= Santa Maria Island Station =

Santa Maria Island Station (also known as SMA or Montes das Flores, Hill of Flowers) is an ESTRACK satellite ground station in the Azores, 5 km from the town of Vila do Porto on the island of Santa Maria.

== ESTRACK Station ==
The Station currently operates a 5.5m S-band antenna capable of receiving signals in the 2200-2300 MHz range, the first one in the ESTRACK network with launch tracking capability. It covers a large portion of the Atlantic Ocean and during the Ariane 5 launches, it acquires signals until the upper stage engine cut-off. The station is also able to receive X-band in the range of 8025-8400 MHz.

Construction of the station was completed in January 2008 under Ariane Development Programme in an agreement between ESA and the Portuguese government.

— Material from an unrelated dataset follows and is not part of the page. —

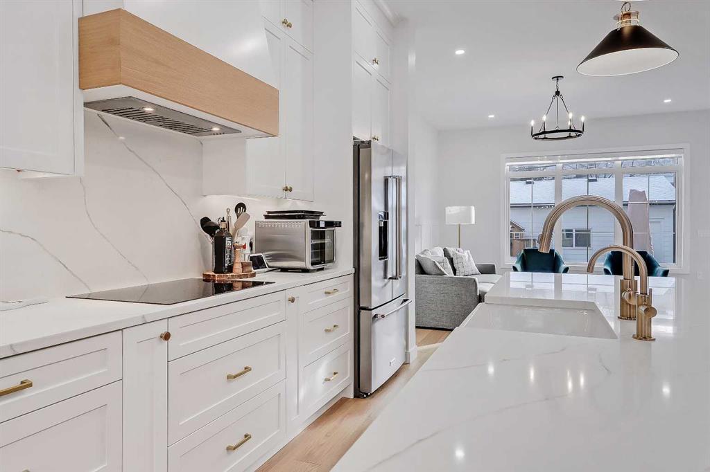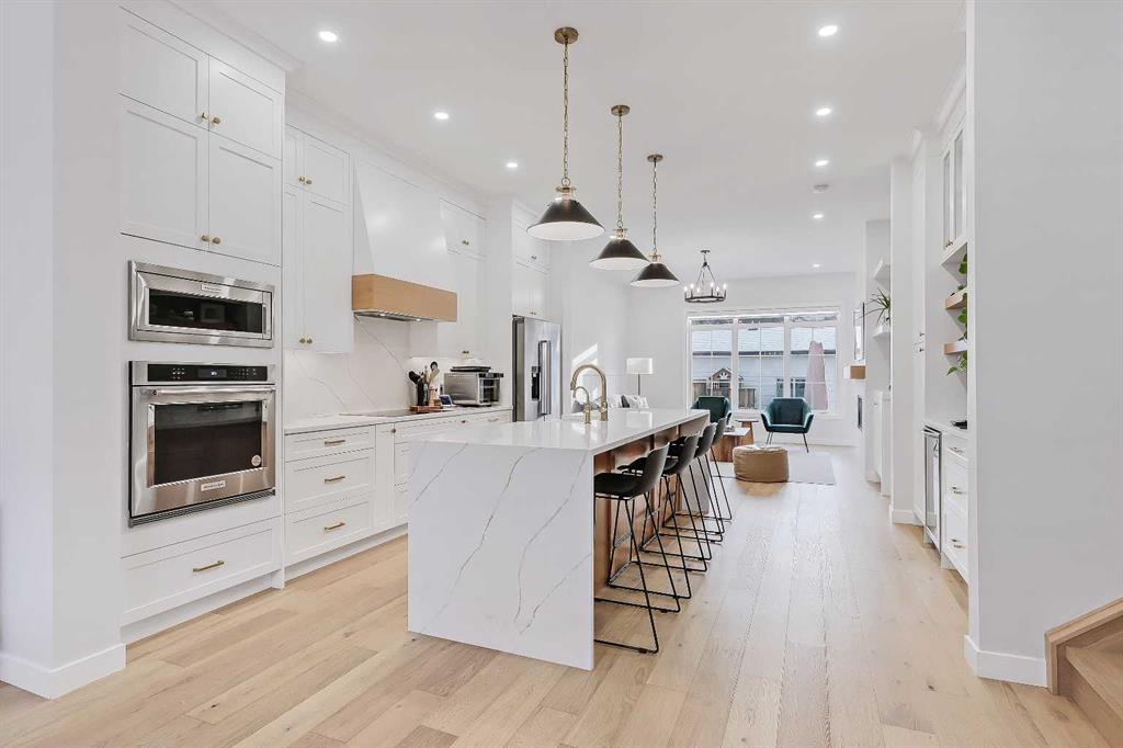 The main floor is flooded with natural light and finished with wide-plank hardwood flooring throughout. The living room is anchored by custom built-ins, wainscotting, electronic blinds, and a sleek gas fireplace, creating a warm and inviting focal point. The kitchen is a true showpiece, featuring full-height white cabinetry with oak accents, quartz countertops, premium stainless steel appliances, including an INDUCTION cooktop, INSTANT HOT WATER tap, and a large island with seating. A statement apron-front farmhouse sink adds both character and function, while open shelving and thoughtful storage keep the space feeling clean and intentional. The open dining area sits beside oversized windows overlooking the front yard, making the entire main floor feel bright, connected, and ideal for entertaining.

A reason for building an additional station was tracking of the medium inclination Ariane 5 launches and upcoming Vega along with Soyuz from Guiana Space Centre. The first launch tracked by the newly built site was Ariane 5 ES flight V-181 lifting Automated Transfer Vehicle Jules Verne in March 2008. After the end of the ATV programme, the station is primarily used for launches from Kourou carrying Galileo satellites. In the future the station will be upgraded to support the Space Rider programme.

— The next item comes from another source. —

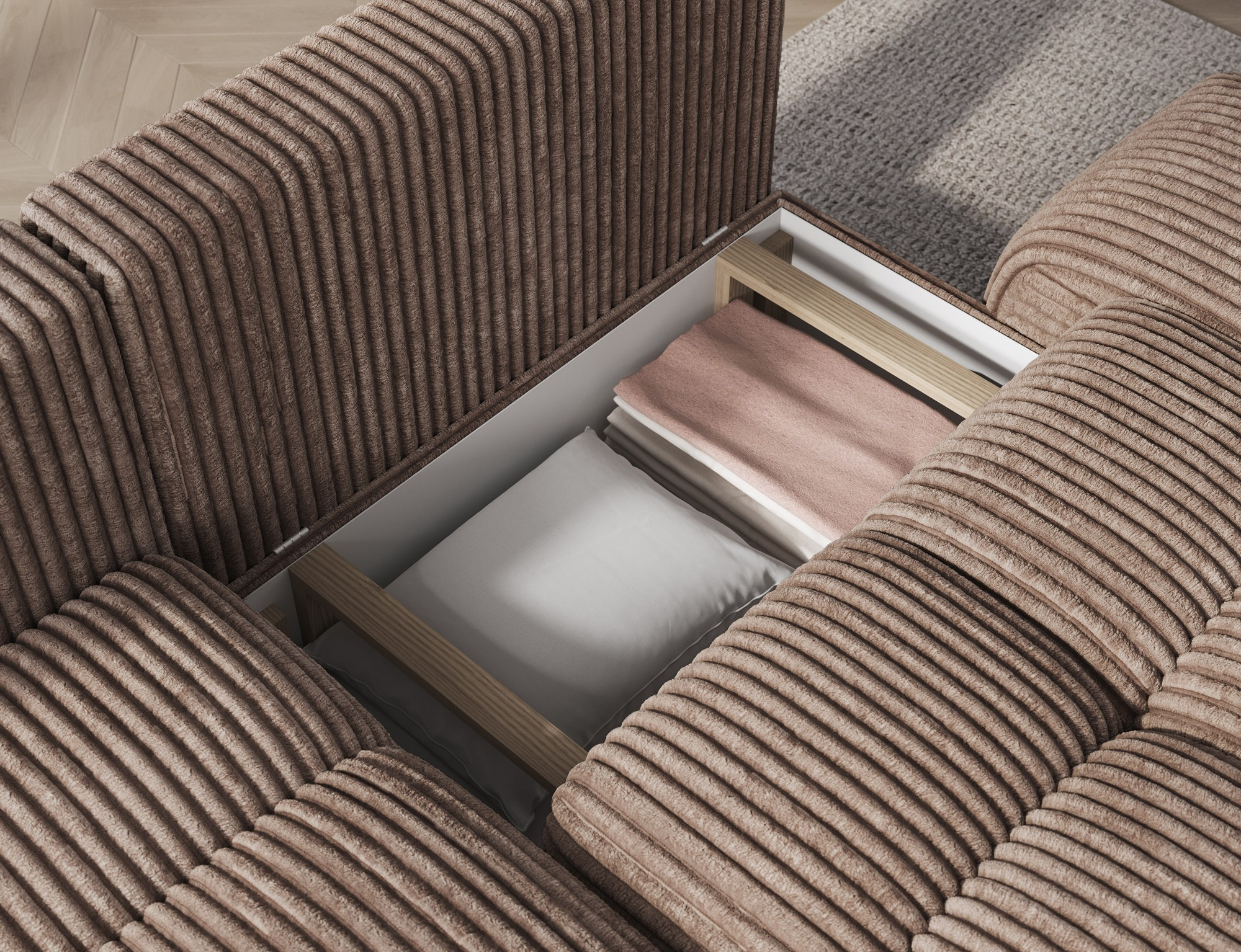 Tato sedací souprava je vybavena praktickým úložným prostorem, který vám umožní snadno uschovat deky, polštáře nebo jiné předměty, které chcete mít po ruce, ale zároveň je mít úhledně uklizené. Díky možnosti rozkládání se sedací souprava snadno promění v pohodlné lůžko s plochou na spaní o rozměrech 95 x 205 cm, což je ideální pro hosty nebo pro příležitostné přespání.

When not used for launch tracking station is used in CleanSeaNet and MARISS service for Copernicus Programme

== Other Installations ==
Apart from the ESTRACK station the teleport also hosts a number of other antennas:

- The site hosts a Galileo Sensor Station, that is used to monitor the navigation signals, from which corrections to the satellites and the reference frame can be computed. A VSAT terminal is also part of the installation to connect the station with the control centers.
- Leafspace operates two 3.7m antennas that are capable to transmit in S-Band as well as receive in S- and X-Band. The antennas are mainly used for small satellites.
- PT Space took over the 15m ESTRACK antenna in Perth in 2015 from ESA and transferred it to Santa Maria. The plan was to support the Proba-3 mission. In 2024 the AEROS MH-1 satellite became the first user of the station.
- EUMETSAT operates a X-Band receive station for direct data distribution from the EPS-SG satellites.
- LeoLabs operates a space radar to track objects in orbit around earth.

Furthermore, the local company Edisoft works with various other users to host smaller antennas or to sell spare capacity on existing ones.